Other Board of Directors’ Issues

  1. Transparency: The organization must be open about activities except where confidentiality is essential.
  2. Predictability: Leadership should be predictable and not let money and situations lead and decide their actions; they must do what’s right always and deal with the consequences.
  3. Punctuality: Board members must respect everyone’s time.
  4. Meetings: Meetings must have starting and end times, agendas showing individual’s responsible for each agenda item, and end with clear responsibilities and timeframes for follow-up items. It’s important to start on time and not wait for late arrivals so you don’t disrespect those who came early.
  5. Funding: The nonprofit entity must not coerce people for money. For example, it should not show advertising exploiting poor kids in fly infected places, or use similar situations to raise funds.
  6. Financial accountability: The entity must maintain proper books, accounts, and reporting systems. Even if not required legally, an independent professional should audit the books.
  7. Performance metrics: The board must agree a set of metrics (critical success factors) that captures the organization’s performance, and the CEO should report them clearly, concisely, and fluff-free, at each meeting.

Conclusion

Fundamentally, criteria for choosing members of boards of directors in profit and nonprofit entities are the same. Owners or sponsors must select people of character committed to the mission, and qualified for specific roles identified by the organization.

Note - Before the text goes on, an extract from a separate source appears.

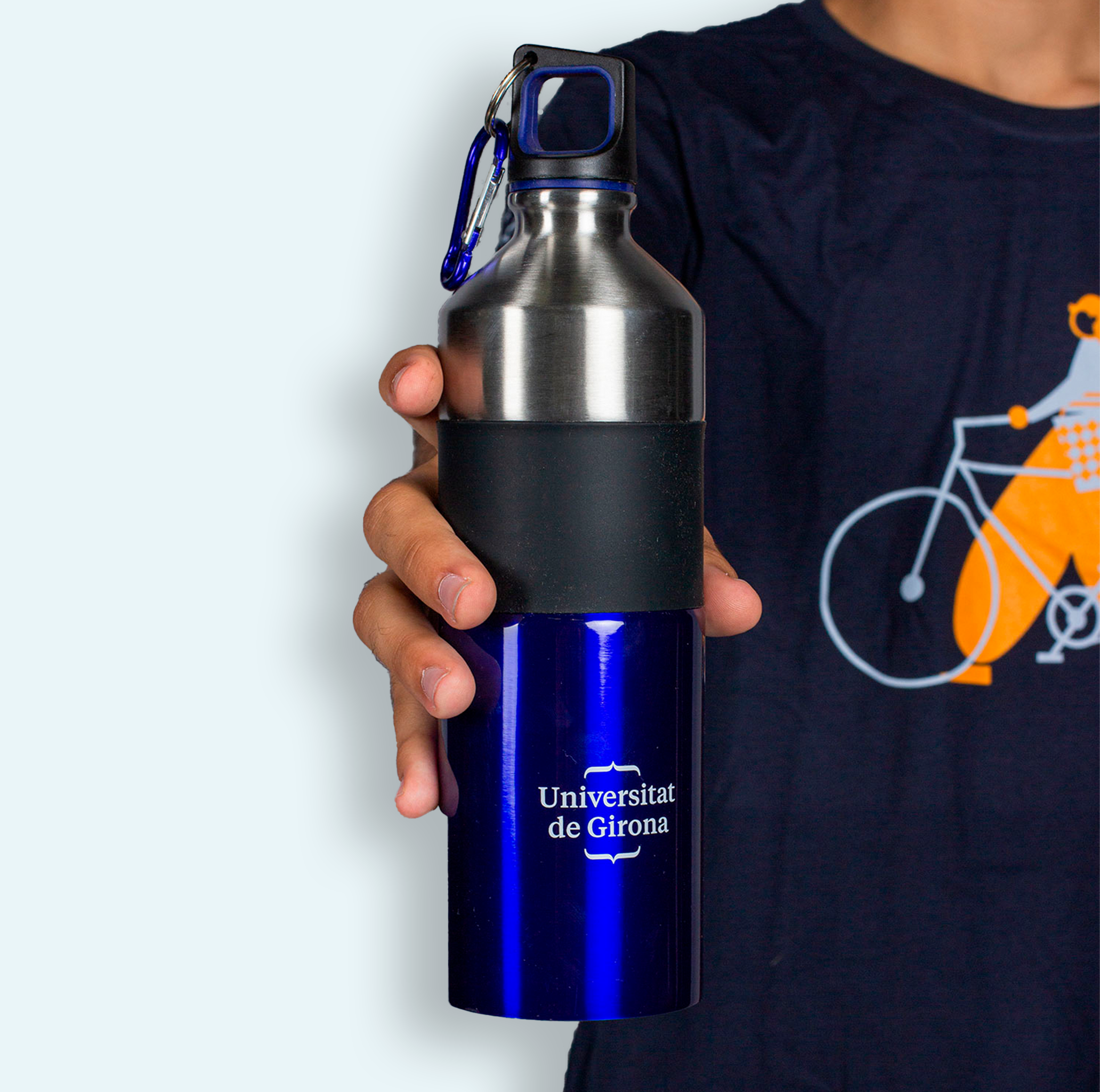 Ampolla inoxidable amb el nostre logo. Part central coberta de goma per facilitar-ne la subjecció.

Nonprofit organizations can play a major role in many areas of society: the arts, education, health care, and so on. However, in addition to needing professional management, each needs an effective governance structure rooted in a carefully selected board of directors. Too often these entities hire unqualified leaders who spend most of their time fund-raising and not taking care of the mission.

References

Du Bois, C., Caers, R., Jegers, M., De Cooman, R., De Gieter, S., & Pepermans, R. (2007). The non-profit board: A concise review of the empirical literature. Zeitschrift Für öffentliche Und Gemeinwirtschaftliche Unternehmen: ZögU / Journal for Public and Nonprofit Services, 30(1), 78-88. Retrieved from http://www.jstor.org/stable/20764647

Hayden, E. (2006). Governance failures also occur in the non-profit world. International Journal of Business Governance and Ethics, 2(1), 116-128.

Larcker, G et al (April 2015), https://www.gsb.stanford.edu/faculty-research/publications/2015-survey-board-directors-nonprofit-organizations

Patel, B., Booker, L., Ramos, H., & Bart, C. (2015). Mission statements and performance in non-profit organisations. Corporate Governance, 15(5), 759-774.